This is the 10th article of Protoout Studio Advent Calendar!
After entering the proto-out studio, I started to output on Qiita. (Although there are still few)
So this time, as a reflection of what I've written so far, I would like to visualize what I output with Python's Word Cloud.
WordCloud selects words that appear frequently from sentences and illustrates them in a size according to the frequency of appearance of the words. Since there is a library for Python, I will refer to the code here as well. http://amueller.github.io/word_cloud/index.html
In order to visualize it in Word Cloud, I will scrape my Qiita and collect sentences (materials).
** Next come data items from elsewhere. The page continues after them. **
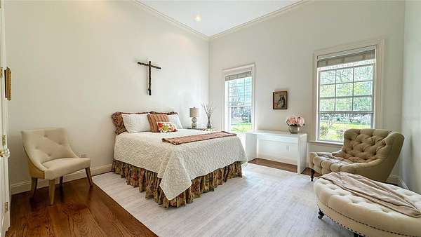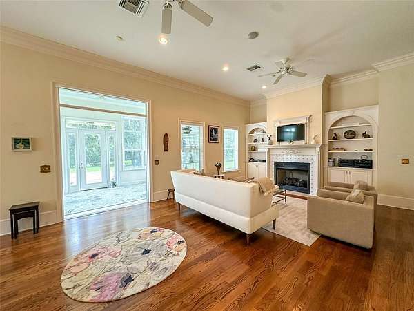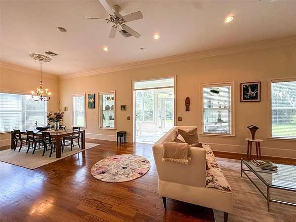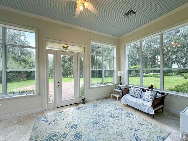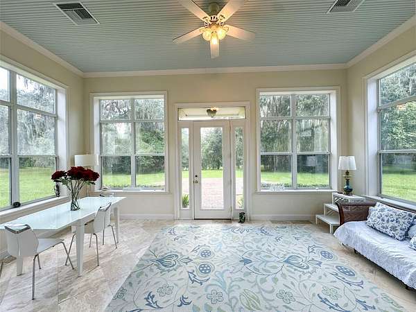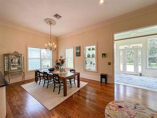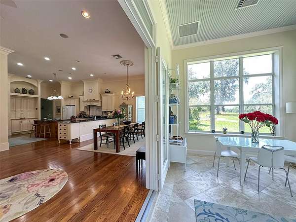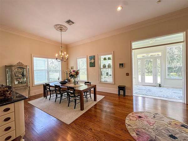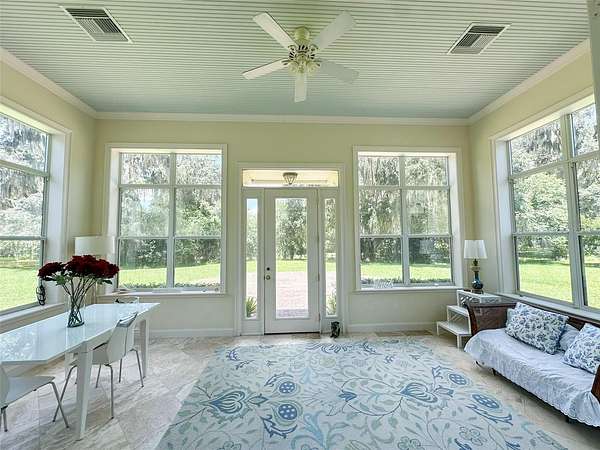 A tranquil sanctuary where calm and luxury meet, traditionally designed custom 10 acre home is for rent in the highly desirable area of historical Micanopy/McIntosh. This peaceful tree habitat with lush manicured landscaping and pasture will give you a dark sky to see the stars without the city’s light pollution and surround you with serenity. Upon your entry into the brick gated property, you will see a meticulously maintained garden surrounded by azaleas, camellias, lilies, crepe myrtles and plentiful natural Florida fauna. The gardens are maintained by a commercial irrigation system providing continuous plant prosperity. While 5 of the acres are blissfully planted, the additional 5 acres is fenced pasture with Spanish-moss draped oaks. The property features: oak floors, high 12 foot ceilings, ceiling medallions, farm sink, security system, zoned two HVAC system, zoned water heating, can-lighting systems, custom ironwork, luxury floor and ceiling moldings. Kitchen amenities include: custom cabinets, granite, built-in bookcases, hand-painted custom backsplash tiles, double oven, butcher Block Island, large pantry, 6 burner gas stove, and built-in stove faucet. Historic Micanopy/McIntosh area gives you a relaxing 10 minute commute via N US-441 with all the benefits of a beautiful ride up Payne’s Prairie Nature Highway! 25 minute commute to either Gainesville or Ocala! Short term rentals will be considered at a seasonal rate.
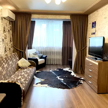 Кімната обладнана кутовим диваном з двома спальними місцями, розсувною шафою та телевізором. У спальні є двоспальне ліжко розміром 1,6 * 2 м, розсувна шафа і комод. Санвузол оснащений сучасною сантехнікою, ванною 160 см, тропічним душем та біде. Є пральна машина, посудомийна машина, великий холодильник з подвійною морозильною камерою. Кухня обладнана меблями, електрочайником, варильною панеллю, мікрохвильовою піччю та духовою шафою.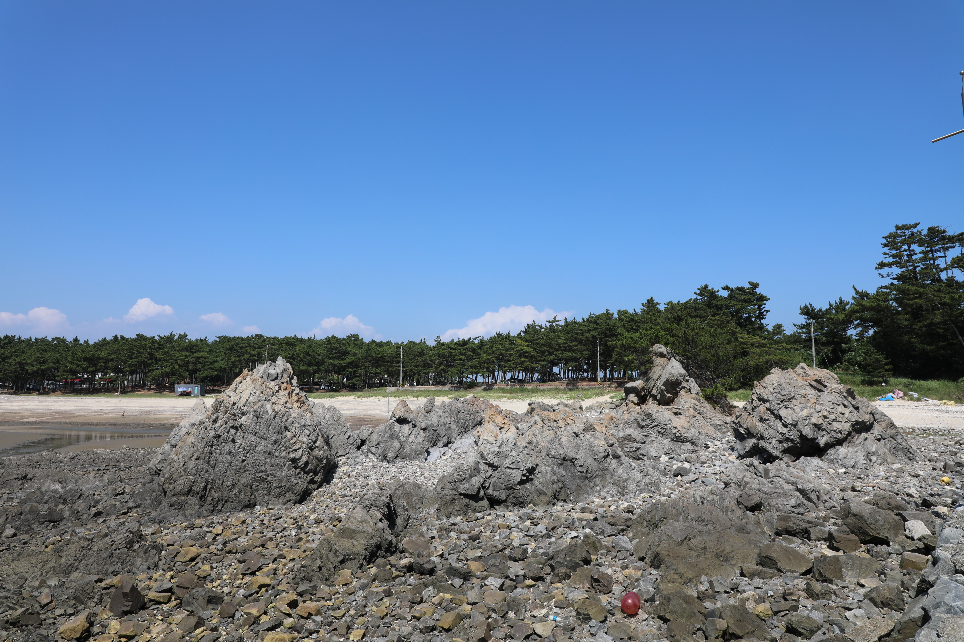 해수욕장 또한 잘잘한 자갈이 많아 맨발로 다니기엔 다소 위험스럽다.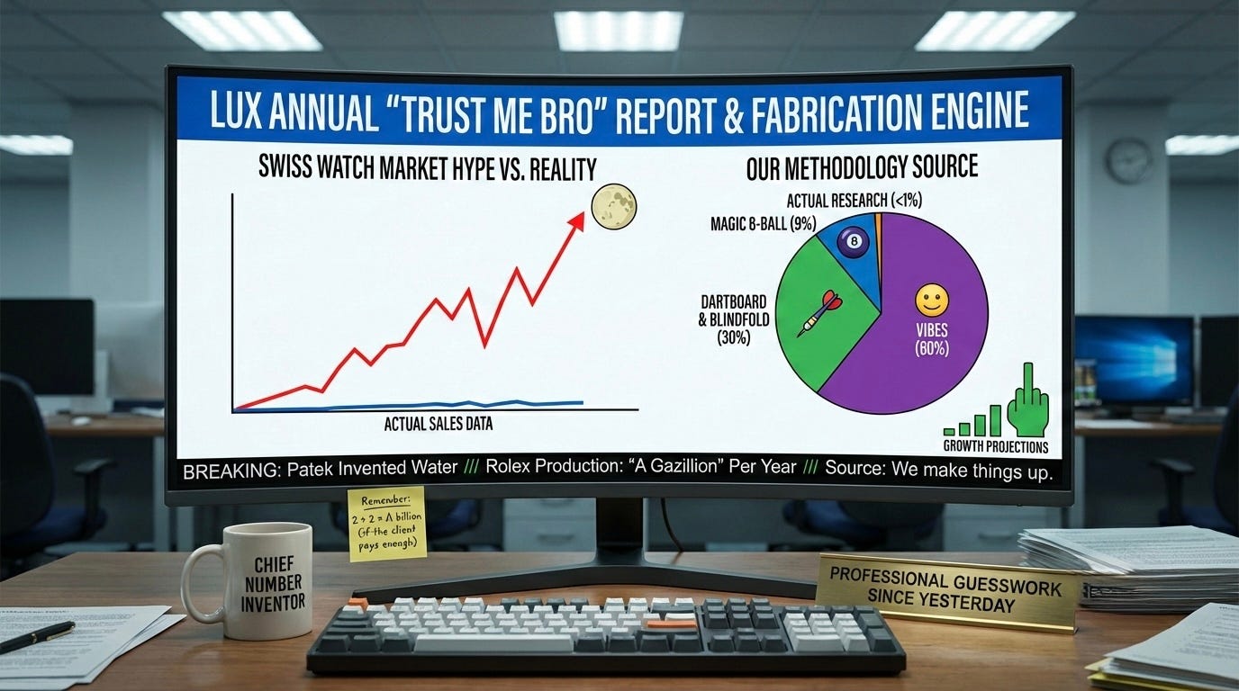 I will take this opportunity to remind you what this report actually is. These are estimates. Also known as educated guesses. Nobody at LuxeConsult has access to the audited financials of Rolex, Patek, AP, or any of the privately held brands that make this report interesting. Oliver and the Morgan Stanley team practice what you might call a dark art of triangulation… they look at Swiss export data, estimate wholesale-to-retail splits, talk to component suppliers, and then arrive at numbers that are presented with a confidence that somewhat exceeds the underlying precision.

While using my past articles
First, collect and visualize the tag information of the article.
scraping.py
import urllib.request
from bs4 import BeautifulSoup
url = "https://qiita.com/sksk_go"
res = urllib.request.urlopen(url)
soup = BeautifulSoup(res, 'html.parser')
#Rewrite for tag acquisition
name = soup.find_all("a",class_="u-link-unstyled TagList__label")
ret = []
for t in name:
ret.append(t.text)
print(ret)
Let's express the collected text in Word Cloud.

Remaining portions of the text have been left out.